The growing use of such innovation advances user insights, which in turn fuels further technology developments that make the smart home a more integrated and sophisticated experience. But like most emerging technologies, adoption has been held back as users learn about the choices available and benefits it can offer them.

In the case of thermostats, for example, users might not be aware they have an option for better comfort, control and savings. Others are frightened of introducing new technology into the home and some think it’s a luxury they can’t afford, despite price points even for the most cutting-edge technology starting below £100.

However, uptake is now entering the early stages of mass adoption. “Many who don’t consider themselves early adopters may actually be further along the cycle than they realise,” says James Coulson, global consumer marketing director at Honeywell, a leading player in the smart home space. “The smart home is becoming available for everyone.

“Forcing someone to become a tech expert overnight is not what we want, nor is it realistic. Our products are made to cover a wide gamut of ages and abilities. We also see how the uptake gives rise to further adoption. As people become more familiar after taking that first step, they are encouraged to find something more ‘connected’ and explore its potential.”

Smart-home technologies have the potential to transform a person’s lifestyle and home comfort completely

The less tech savvy among the population are often hesitant that smart-home technologies may require a costly installation and further professional support to get the most from them. However, many can approach much of the connected-home space with a DIY mindset and, when help is required, there is a raft of affordable professionals who are readily accessible.

Some of the awareness gap comes from a tendency to view smart-home technologies with a consumer-electronics mindset; users want to pay for it over time and expect immediate gratification.

Some products are integrated into the fabric of home and family life, and a lot more is at stake. “If a smart speaker fails then people are inconvenienced and can’t listen to Ed Sheeran,” says Mr Coulson. “Whereas some other smart-home products are an integral part of our home infrastructure; they keep our families warm and our homes safe, so these need more rigorous thought and development.”

The growing uptake of home assistants, such as Amazon Alexa and Siri, is helping to improve the awareness gap and educate consumers on how future-proofed their investment in connected technology is. Connected products operate on a scale of functionality and fulfilling a user’s needs doesn’t necessarily mean utilising a product’s full capabilities.

“We allow quick and fast access to the mainstream functionality,” Mr Coulson adds. “This helps our customers get to grips with using the device and gain confidence.
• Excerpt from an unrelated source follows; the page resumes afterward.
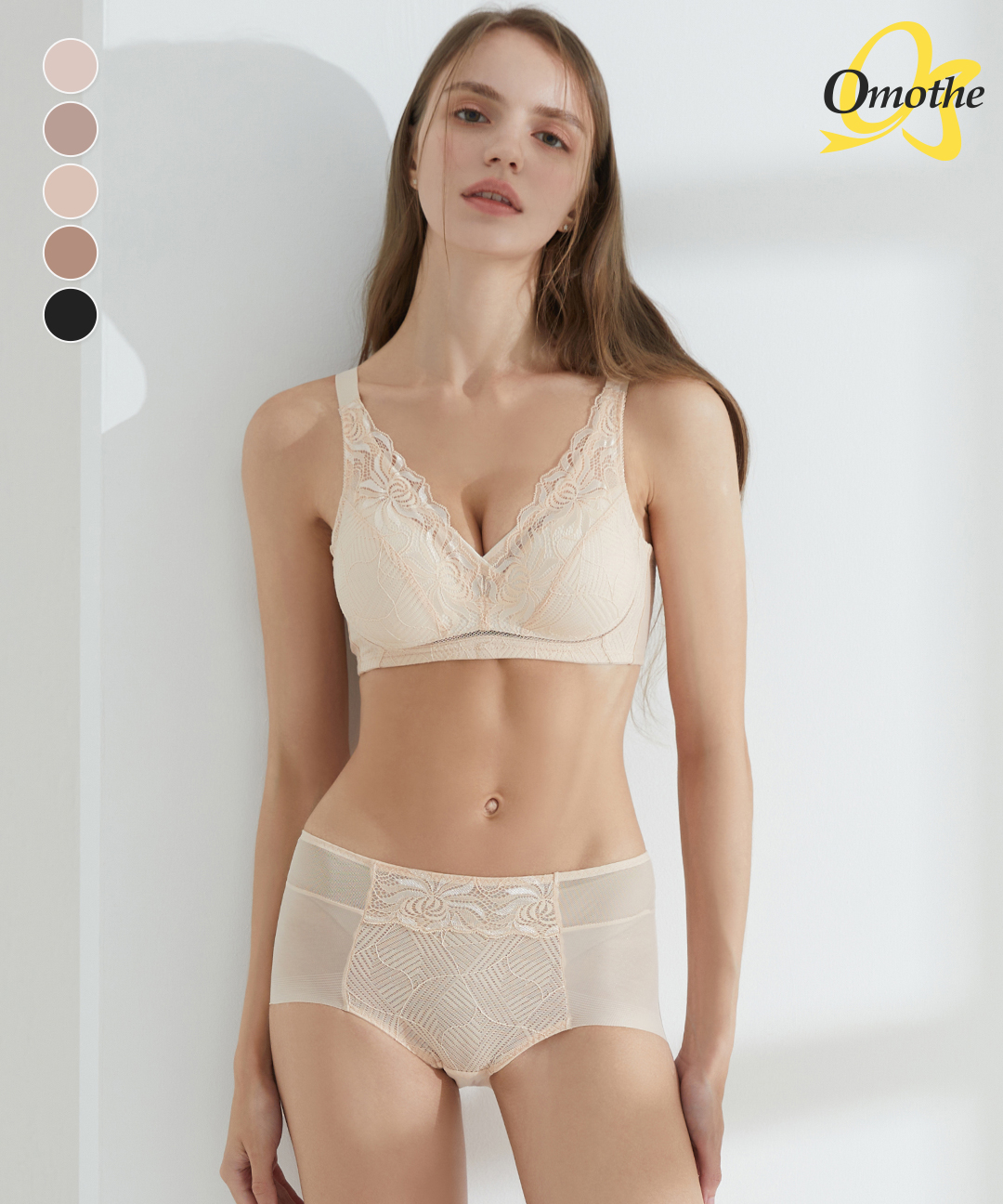 오모떼 빅사이즈 ABCDE컵 프리미엄 텐셀 풀커버 노와이어 브라팬티 2종세트/택일

From there we introduce enhancements and encourage our customers to explore further, such as creating an automatic IFTTT (if this then that) recipe to turn off the heating if it’s over 19 degrees outside.”

Smart-home adopters tend to begin with a basic need, such as making efficiency-savings in heating their home, but as they learn about the system they start to explore and play. Having experienced the benefits – be it comfort, energy-savings, peace of mind or convenience – they gain confidence in the advanced capabilities of the smart home and move to expanded solutions that further supplement their lives.

The connected home offers homeowners a range of benefits. Some are immediately obvious, such as saving energy with smarter heating and lighting controls. According to the British Electrotechnical and Allied Manufacturers’ Association (BEAMA), adding heating controls can reduce running costs by 40 per cent.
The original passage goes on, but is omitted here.